1

I have two tables with data. I need to set data building_h from one table to another with respect to the spatial relationships between data in these tables. Spatial data in the source table is polygon type and in destination table - points. I made a query for points and polygons which intersect. It works nice. But there are some points that do not intersect with polygons. My idea is to define for each of these points the closest polygon and take the building_h value from it. For this purpose, I wrote the function which takes the id of the point and returns the building_h value. And it works ok in the test.

CREATE OR REPLACE FUNCTION closest_pol(int4)
RETURNS NUMERIC 
AS
$$
DECLARE
    retVal NUMERIC;
BEGIN
    SELECT bgs.building_h INTO retVal
                FROM buildings_geoalert_spgg bgs, building_from_landuse_spgg bfl 
                WHERE ST_INTERSECTS(bgs.geom, ST_BUFFER(bfl.geom_centr, 0.0006,'quad_segs=8')) AND bfl.id = $1
                ORDER BY ST_INTERSECTION(bgs.geom, ST_BUFFER(bfl.geom_centr, 0.0006,'quad_segs=8')) ASC 
                LIMIT 1;
RETURN retVal;
END;
$$
LANGUAGE plpgsql 
   STABLE 
RETURNS NULL ON NULL INPUT;

But when I run the query for the whole table, it executes forever.. (for ~3000 rows with NULL value). It lasted several hours before I stopped it.

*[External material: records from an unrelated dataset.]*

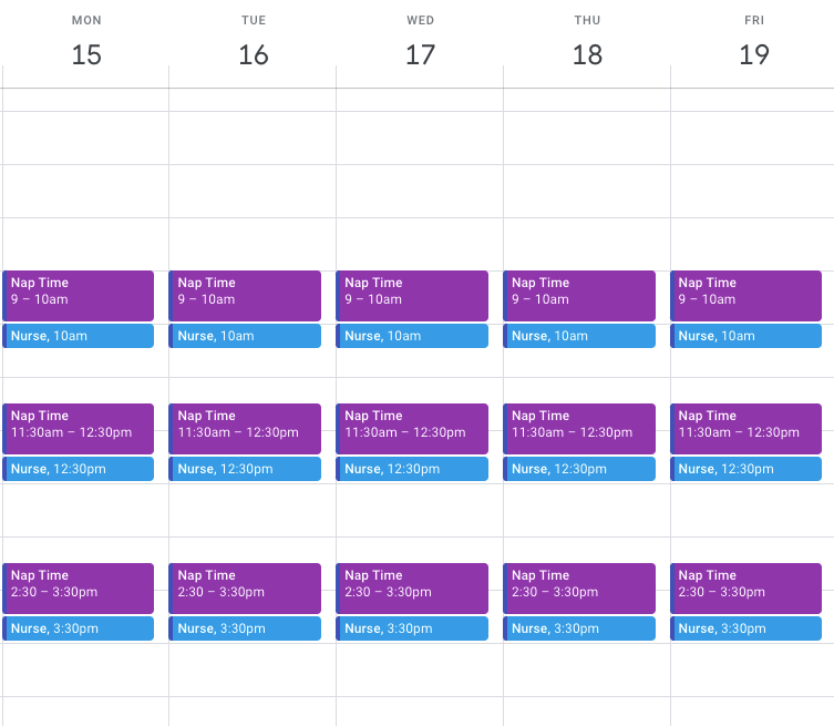 I also recommend putting “place holders” or “fake meetings” on your calendar during your baby’s awake time. This will allow you time to get up, move around, change diapers, play with them and prevent others from scheduling back to back calls. It has helped me tremendously!
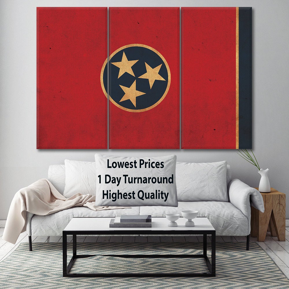 Vintage created Tennessee Flag. Show your Tennessee Pride. Great for a piece of wall art. Available as a SINGLE canvas at 16″ x 24″ , 24″ x 36″ , or 32″ x 48″ or a 3 panel work of art canvas as 5 x 3 foot wide.
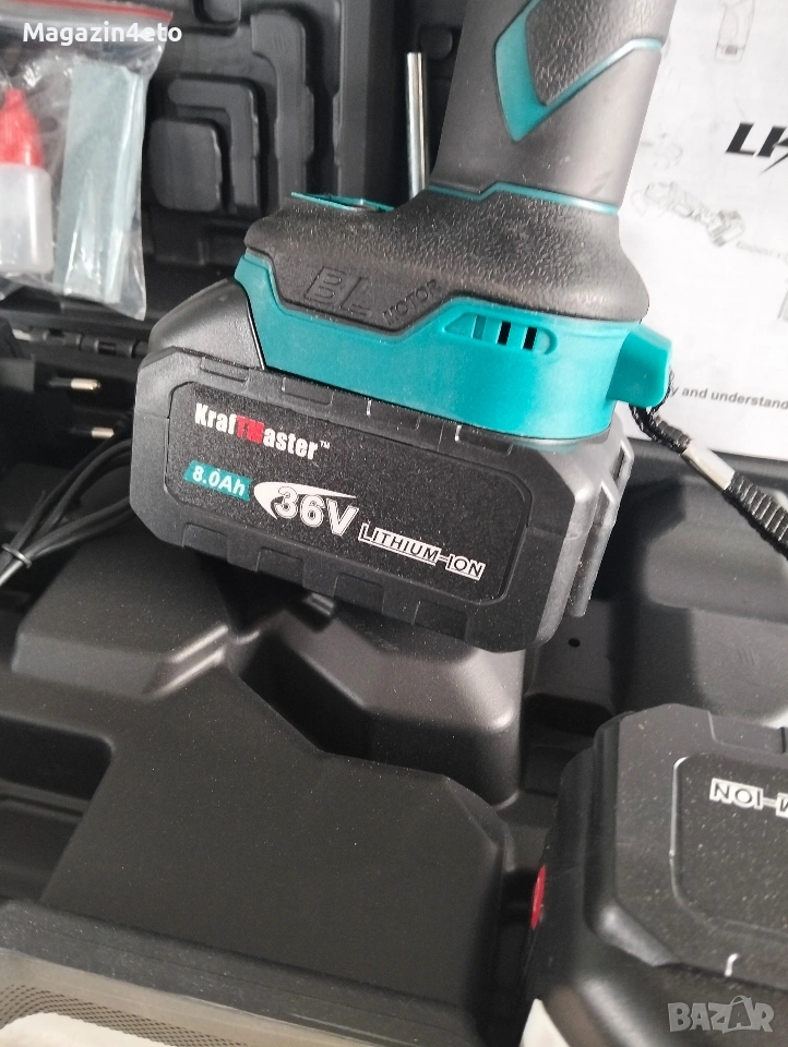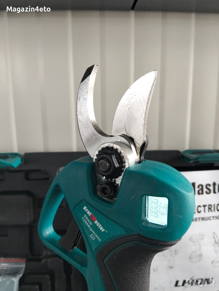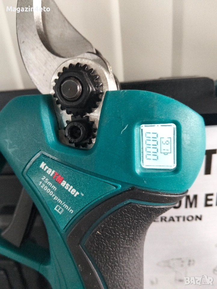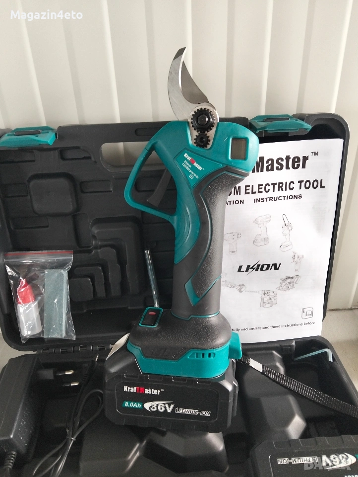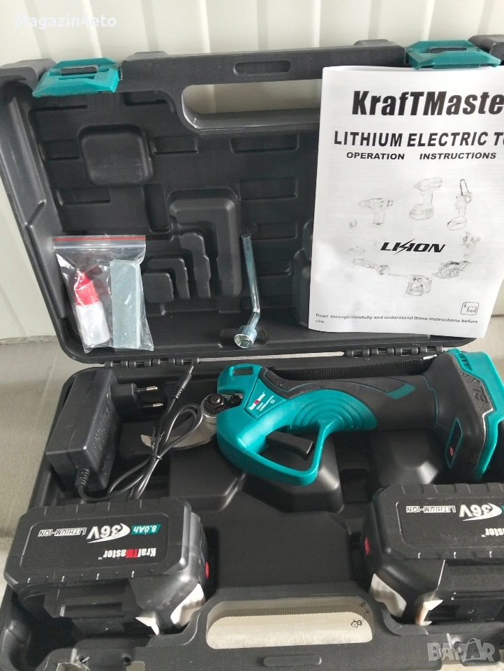 Ножицата е нова,неизползвана.В комплект с две батерии,зарядно устройство,точило,ключ и масло.
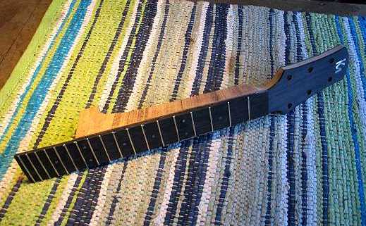 Sunday, July 19th, 2009: Well, I have to admit — I spent a bit of time today procrastinating the next step. I was nervous about sanding the volute into its rounded shape. I've never had any real problems with it the few times I've done this so far, but, for some reason, it still always makes me very nervous. I keep thinking I'm going to slip and oversand or move it a little too much as I use the belt sander to round out that volute — and that I might end up sanding too far into the nut area — and then I'd mess up the all that work I've put into the neck so far. So...this morning I procrastinated. But it came out okay! I just took a deep breath, prayed my eyes and my hands would work smoothly, and just did it. Here it is:
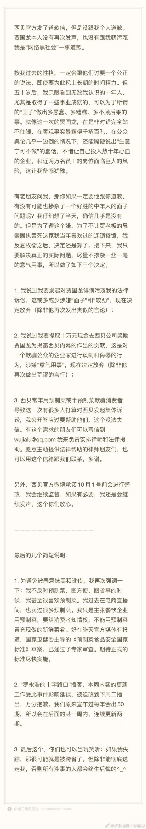 但为了不让贾老板的愚蠢固执害死这家自己当年喜欢过的连锁餐馆,罗永浩反复权衡之后,称决定还是算了。
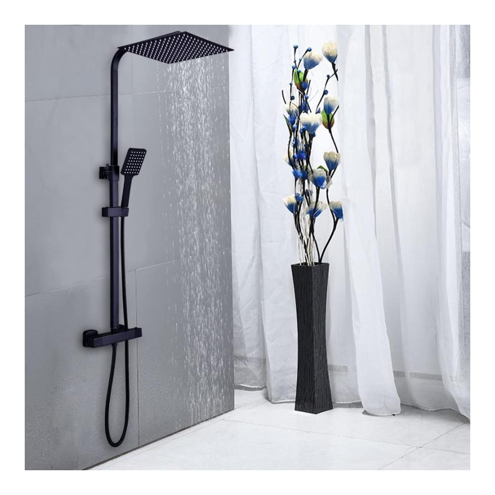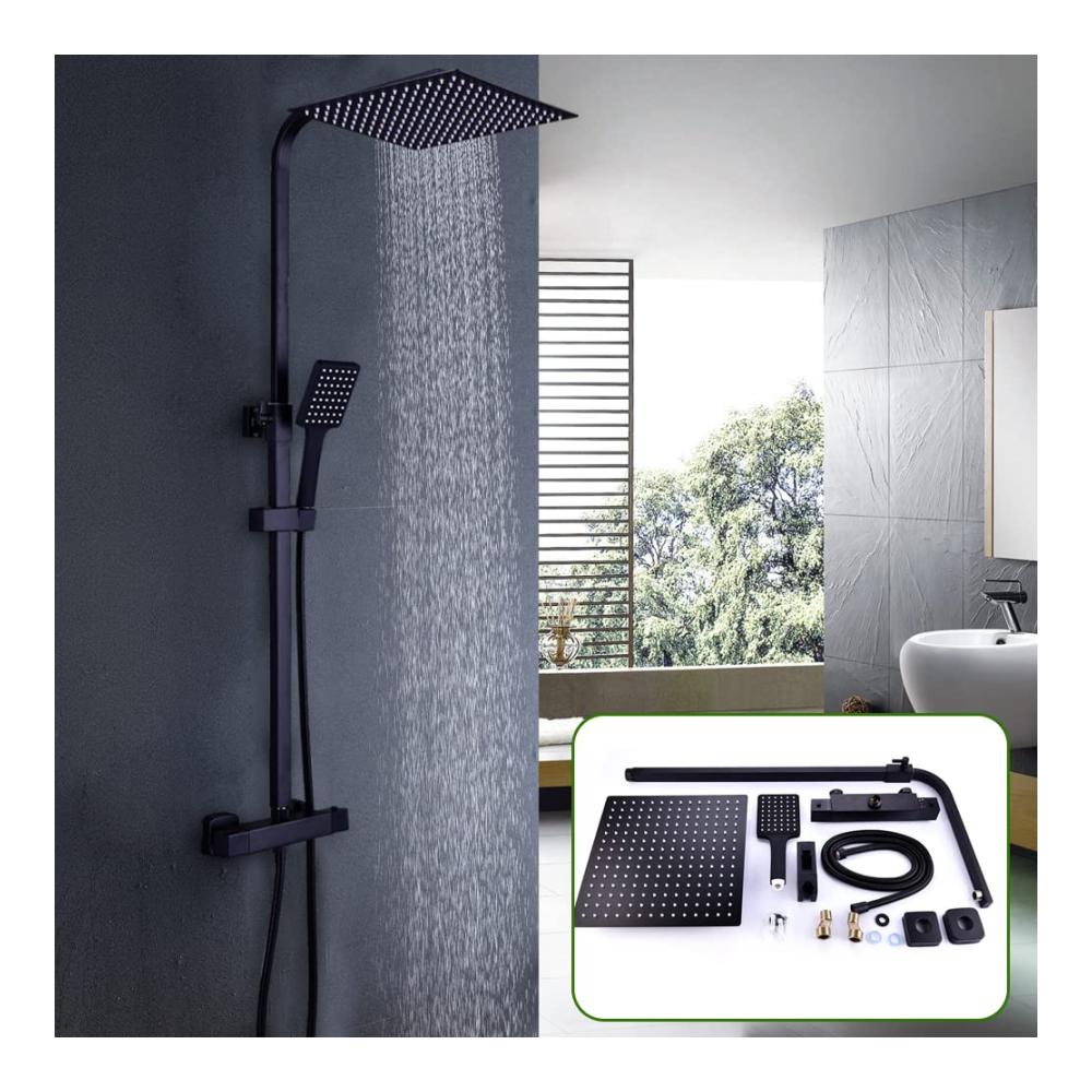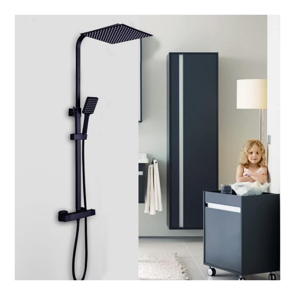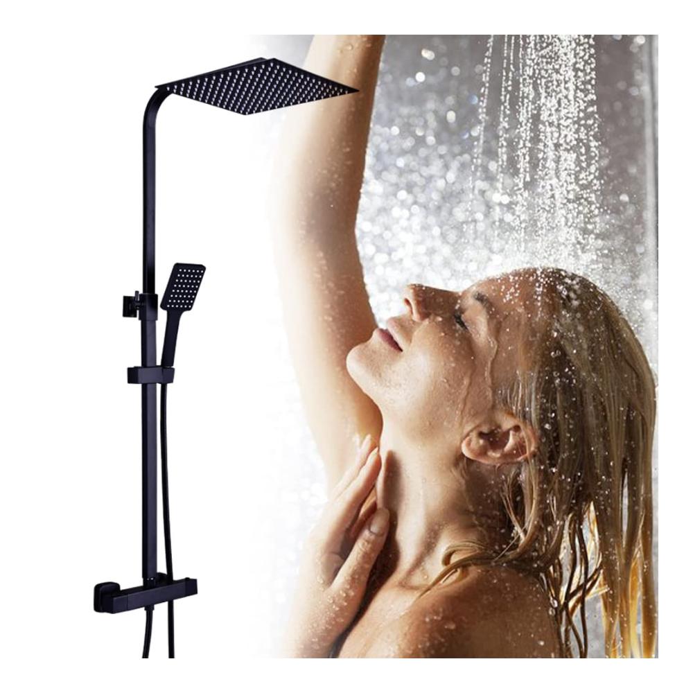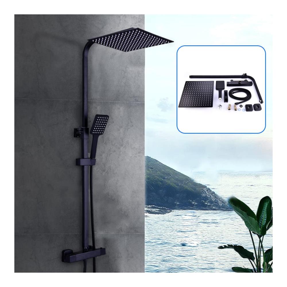 Regendusche Duschsystem Thermostat Duschset mit Thermostatarmatur Matt Schwarz Handbrause Dusche Mischbatterie Duschthermostat mit Regendusche (XXL Kopfbrause 30x30cm)
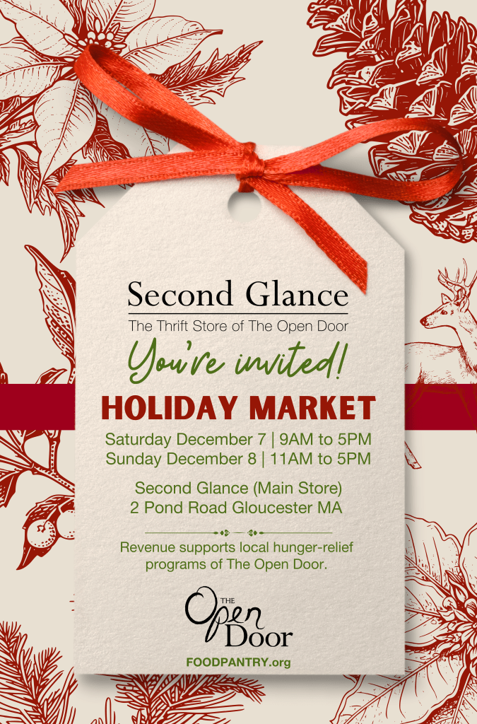 WHAT: SHOP the Holiday Market at Second Glance, Thrift Store of The Open Door, for high-quality, second-hand goods and one-of-a-kind finds for the holidays. Revenue at Second Glance supports hunger-relief programs of The Open Door.
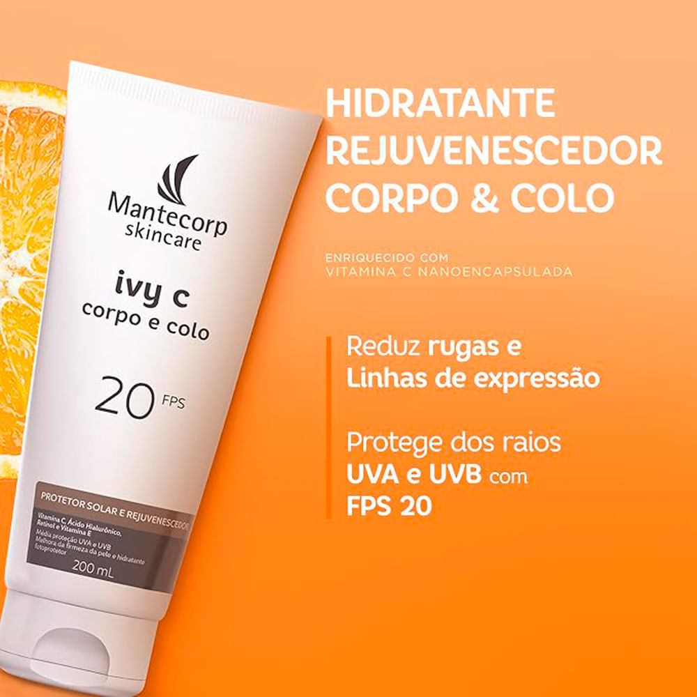 IVY C CORPO E COLO SÉRUM REJUVENESCEDOR CORPORAL IVY C Corpo e Colo é um sérum rejuvenescedor corporal a base de Vitamina C nanoencapsulada, estabilizada e protegida, com alta ação antioxidante e reju
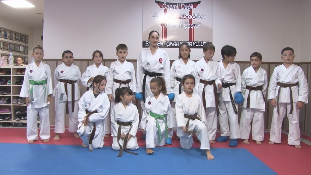 Avrupa Karate Şampiyonası'nda 1 altın, 2 bronz madalya alan milli sporcu Sena Kızılaslan, minik karatecilerle antrenmanlar yaparak onlara örnek oluyor.

UPDATE building_from_landuse_spgg AS bfl SET 
    building_h = (SELECT closest_pol(bfl.id))
    WHERE bfl.building_h IS NULL;

Do you have an idea what I did wrong?

Jim Jones
  • 18,404
  • 3
  • 35
  • 44
gregoriiv
  • 13
  • 4

1 Answers1

1

In your WHERE clause you're using ST_Intersects with 0.006 buffer that is created in query time. Consider using a partial gist index with this buffer of yours (if for whatever reason you must use them):

CREATE INDEX idx_buffer ON building_from_landuse_spgg USING gist (ST_Buffer(geom_centr, 0.0006,'quad_segs=8'));

I'd argue that you do not need a function for that, since you could use the query inside of the function as a subquery in your UPDATE statement. But if you have your reasons to stick to the function, you can get rid of the SELECT to call it:

UPDATE building_from_landuse_spgg 
SET building_h = closest_pol(id)
WHERE building_h IS NULL;

EDIT: As correctly mentioned by @JGH (see comments), using buffers is less efficient than simply using ST_DWithin. So, if you can afford it, create an index in the geometries used in the WHERE clause ..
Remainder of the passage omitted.